Here, leveraging a proprietary dataset of TCR crystal structures solved by Immunocore to supplement the publicly available data, we evaluated the current headline performance of computational TCR modelling and identified which CDRs remain challenging to predict, representing barriers to the utility of structural models for predicting properties of TCRs such as pMHC specificity.
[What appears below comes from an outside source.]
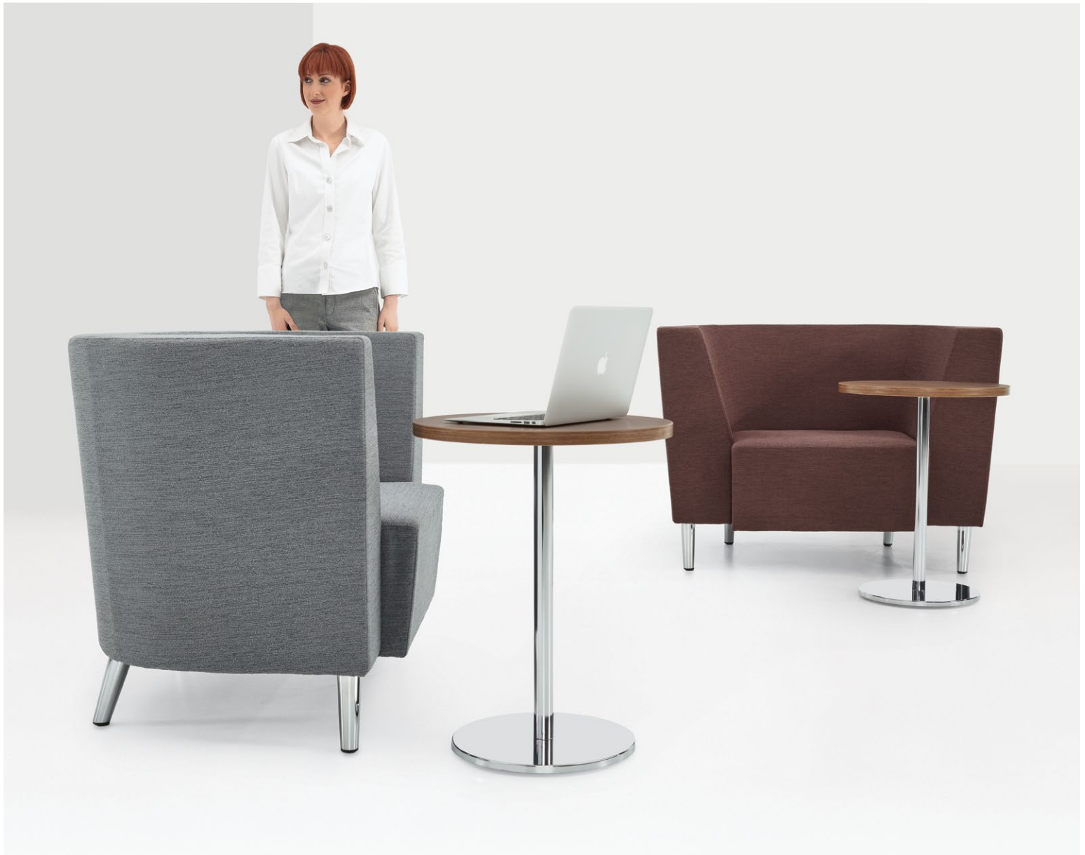
Table for one, please

Swap laptop tables provide enough surface space for a laptop, tablet or a coffee and croissant. Square base models are available with an offset column for extra legroom. The 25.6" height puts everything at the right height for lounge seating applications.

We first clustered the complete structural dataset to identify relevant biases, which unexpectedly revealed that the CDR3α and CDR3β loops exhibit similar structural diversity, despite their differing recombination mechanisms.

We then built TCRBuilder2+ by retraining TCRBuilder2³⁶, a best-in-class TCR specific structure predictor, on the expanded dataset of structures. The performance of TCRBuilder2+ improved for genes better sampled in the new training set, and TCRBuilder2+ achieves comparable overall accuracy to Alphafold Multimer at a fraction of the computational cost. Consistent with the clustering analysis, both TCRBuilder2+ and Alphafold Multimer found the VJ-recombined CDR3α loop at least as challenging to model as the corresponding VDJ-recombined CDR3β loop, differentiating TCR structure prediction from BCR/antibody structure prediction, where the CDR3L is substantially easier to predict than the CDR3H^36,47. In order to further explore the structural diversity of TCRs we used TCRBuilder2+ to predict the structures of over 1.5 million TCR sequences from the Observed T-cell receptor Space (OTS) database⁴⁸.

Finally, we investigated potential sources of the high structural diversity in the CDR3α. The amino acid composition and genetic coherence of distinct structures suggest that the greater number of TRAJ genes relative to both TRBJ and IGKJ/LJ genes, which leads to greater combinatorial diversity in the alpha chain, may also lead to enhanced structural variability.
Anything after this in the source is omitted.